→ **DATASET EXTRACT**:
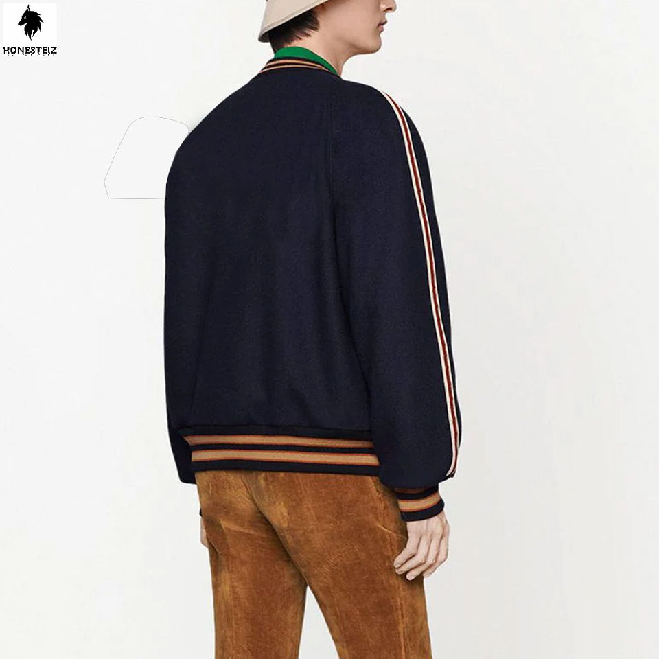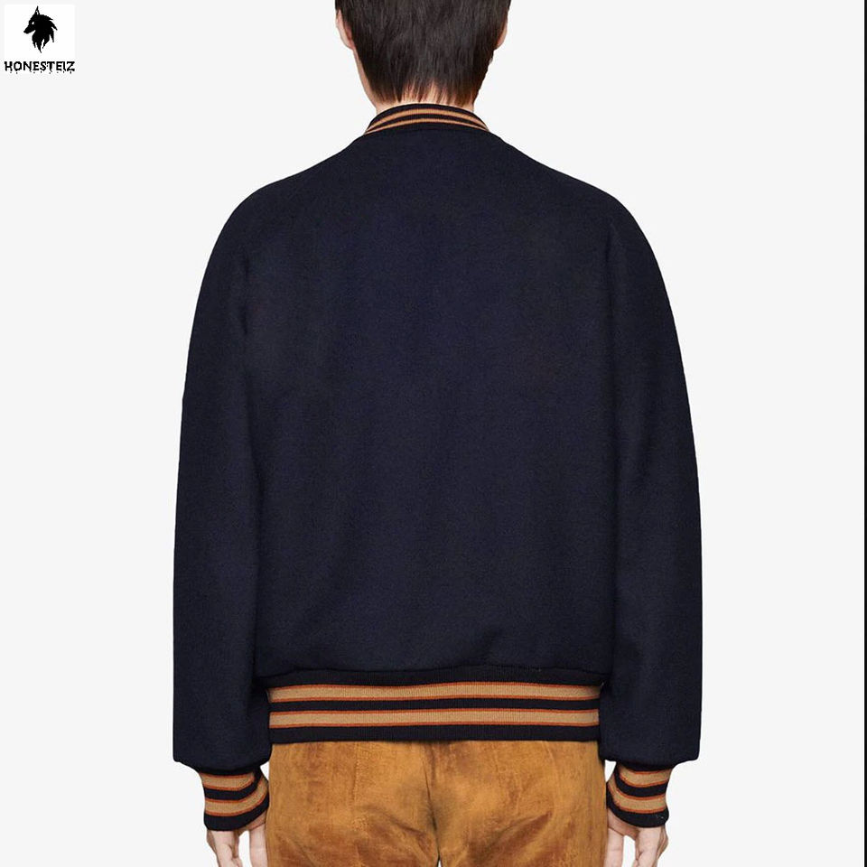 Chaqueta universitaria de lana de alta calidad para hombre, cómoda chaqueta deportiva ligera a prueba de viento con cuello levantado y letras cálidas para invierno
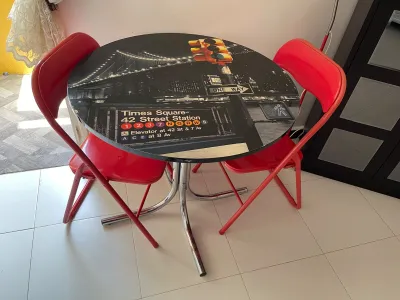 Table à manger ronde avec comme motif New York 2 chaises confortables rouges Bon état Meuble importé de France
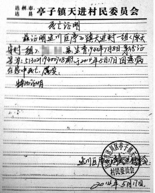 職工可憑親屬的死亡醫學證明書復印件請喪假。正規的死亡證明是醫院開的,并蓋有醫院的診斷證明專用章,一共三聯,一聯是《死亡醫學證明》一聯是《亡者火化證明》一聯是《亡者注銷戶口證明》,三聯俱全就是真的,還有就是看有沒有診斷醫生簽字,醫院蓋章。如果沒有《死亡醫學證明》,可由死者戶口所在的村委會出具證明。
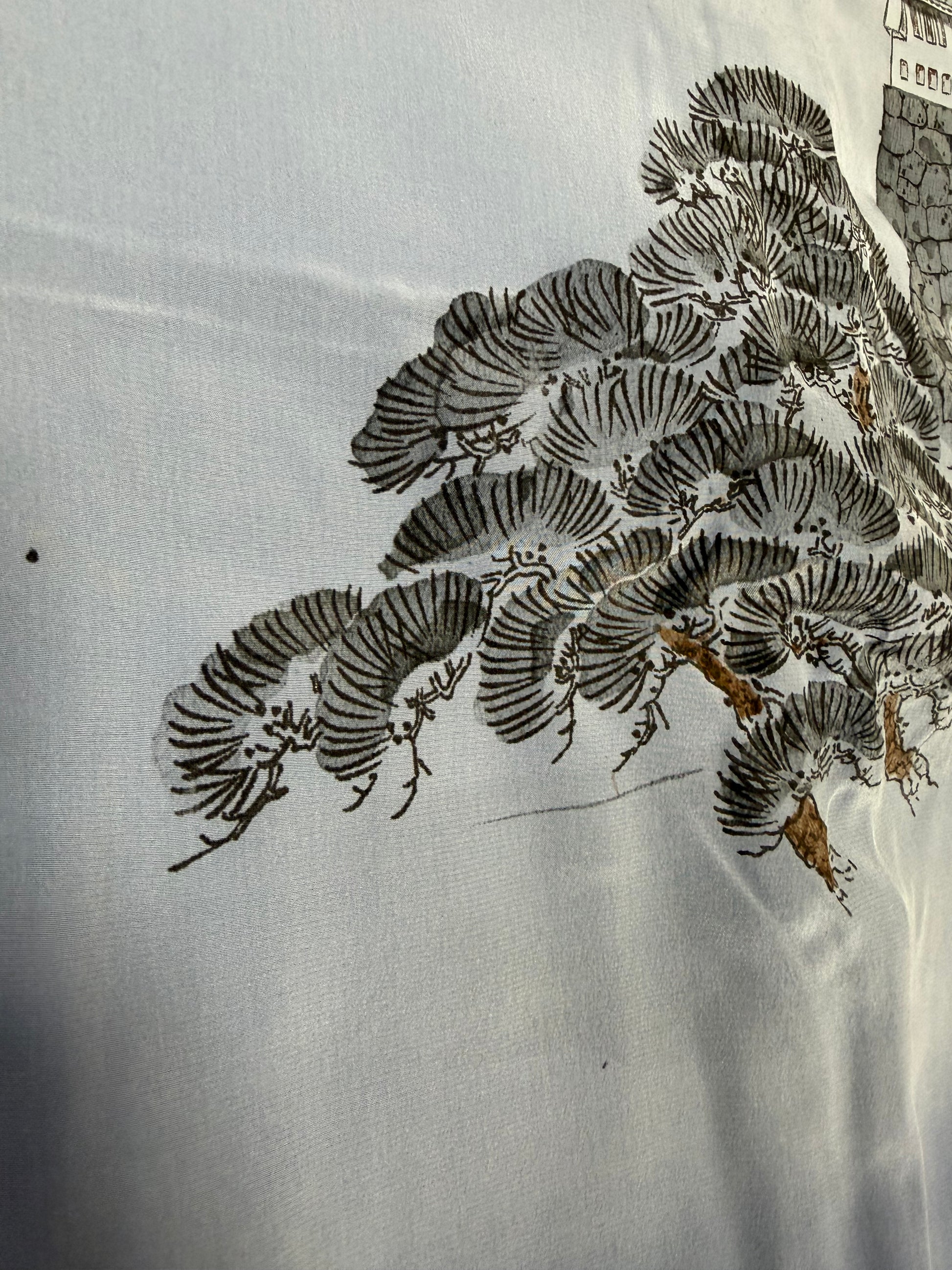 Many kimono are hand-sewn by specialized Japanese artisans called “wasai-shi”. In rural Japan, it was common during the post-war years for farmers to sew kimono during winter months for clients in cities like Kyoto or Tokyo.

→ **WHAT TO WORK ON**:
Pictures stay out; all other material above is restated word for word.

→ **FINISHED TASK**:
 Chaqueta universitaria de lana de alta calidad para hombre, cómoda chaqueta deportiva ligera a prueba de viento con cuello levantado y letras cálidas para invierno
 Table à manger ronde avec comme motif New York 2 chaises confortables rouges Bon état Meuble importé de France
 職工可憑親屬的死亡醫學證明書復印件請喪假。正規的死亡證明是醫院開的,并蓋有醫院的診斷證明專用章,一共三聯,一聯是《死亡醫學證明》一聯是《亡者火化證明》一聯是《亡者注銷戶口證明》,三聯俱全就是真的,還有就是看有沒有診斷醫生簽字,醫院蓋章。如果沒有《死亡醫學證明》,可由死者戶口所在的村委會出具證明。
 Many kimono are hand-sewn by specialized Japanese artisans called “wasai-shi”. In rural Japan, it was common during the post-war years for farmers to sew kimono during winter months for clients in cities like Kyoto or Tokyo.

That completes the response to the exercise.